Since WebGPU Compatibility mode is a subset of WebGPU, all valid Compatibility mode applications are also valid WebGPU applications. Consequently, Compatibility mode applications will also run on user agents which do not support Compatibility mode. Such user agents will simply ignore the option requesting a Compatibility mode Adapter and return a Core WebGPU Adapter instead.

Proposed IDL changes

partial dictionary GPURequestAdapterOptions {
    boolean compatibilityMode = false;
}

When calling GPU.RequestAdapter(), passing compatibilityMode = true in the GPURequestAdapterOptions will indicate to the User Agent to select the Compatibility subset of WebGPU. Any Devices created from the resulting Adapter on supporting UAs will support only Compatibility mode. Calls to APIs unsupported by Compatibility mode will result in validation errors.

Note that a supporting User Agent may return a compatibilityMode = true Adapter which is backed by a fully WebGPU-capable hardware adapter, such as D3D12, Metal or Vulkan, so long as it validates all subsequent API calls made on the Adapter and the objects it vends against the Compatibility subset.

partial interface GPUAdapter {
    readonly attribute boolean isCompatibilityMode;
}

As a convenience to the developer, the Adapter returned will have the isCompatibilityMode property set to true.

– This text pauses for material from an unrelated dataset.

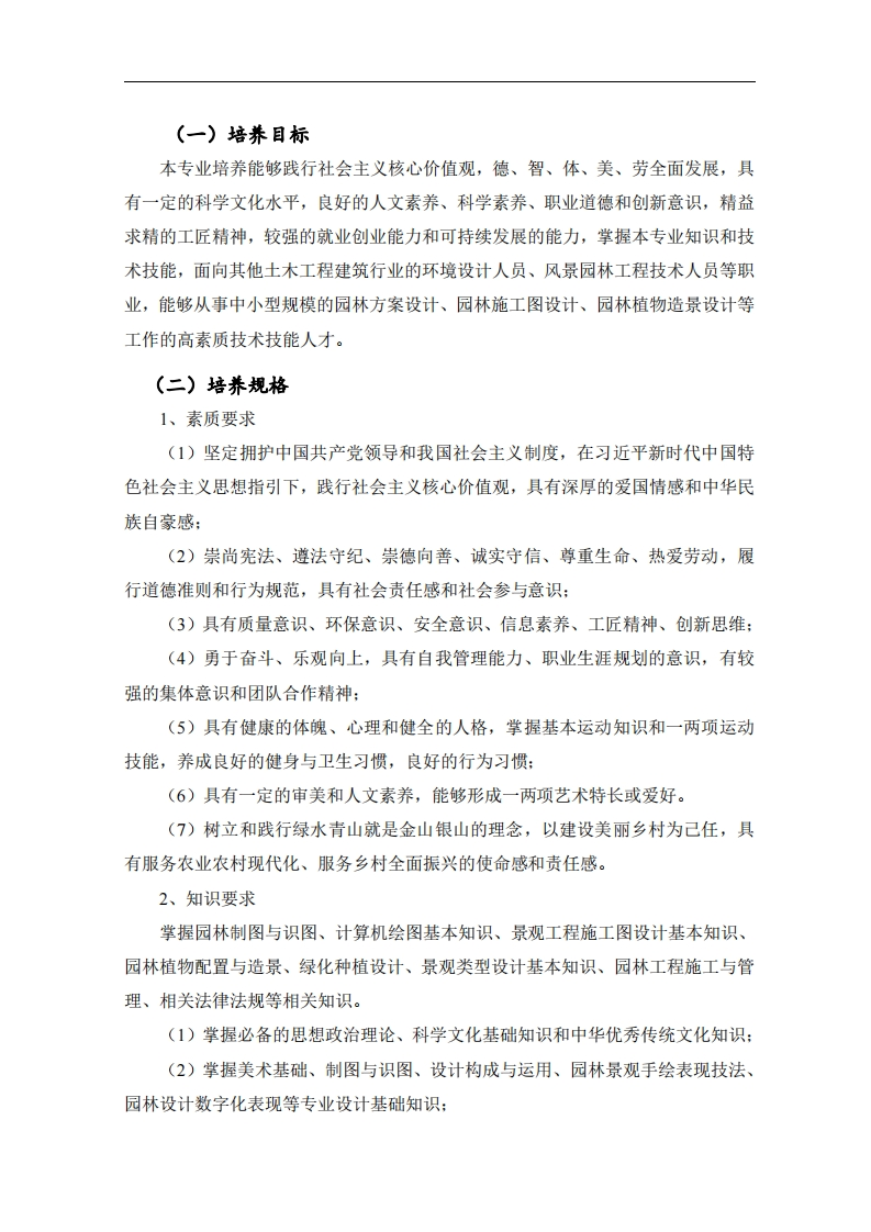 风景园林设计专业人才培养方案348072@abc14小时前发布关注私信0.97MB34页037风景园林设计专业人才培养方案此内容为付费资源,请付费后查看¥19¥29黄金会员免费钻石会员免费立即购买您当前未登录!建议登陆后购买,可保存购买订单付费资源 第1页 / 共34页 第2页 / 共34页 第3页 / 共34页 第4页 / 共34页 第5页 / 共34页 试读已结束,还剩29页,您可下载完整版后进行离线阅读 THE END标准规范 文本预览 风景园林设计专业人才培养方案(三年制)修订时间:2022年6月 查看更多 收起部分 喜欢就支持一下吧收藏

partial dictionary GPUTextureDescriptor {
    GPUTextureViewDimension viewDimension;
}

See "Texture view dimension may be specified", below.

Compatibility mode restrictions

1. Texture view dimension may be specified

When specifying a texture, a viewDimension property determines the views which can be bound from that texture for sampling (see "Proposed IDL changes", above). Binding a view of a different dimension for sampling than specified at texture creation time will cause a validation error. If viewDimension is unspecified, use the following algorithm:

if desc.dimension is "1d":
    set viewDimension to "1d"
if desc.dimension is "2d":
  if desc.size.depthOrArrayLayers is 1:
    set viewDimension to "2d"
  if desc.size.depthOrArrayLayers is 6:
    set viewDimension to "cube"
  else:
    set viewDimension to "2d-array"
if desc.dimension is "3d":
  set viewDimension to "3d"

Justification: OpenGL ES 3.1 does not support texture views.

2. Color blending state may not differ between color attachments in a GPUFragmentState.

Each GPUColorTargetState in a GPUFragmentState must have the same blend.alpha, blend.color and writeMask, or else a validation error will occur on render pipeline creation.

Justification: OpenGL ES 3.1 does not support indexed draw buffer state.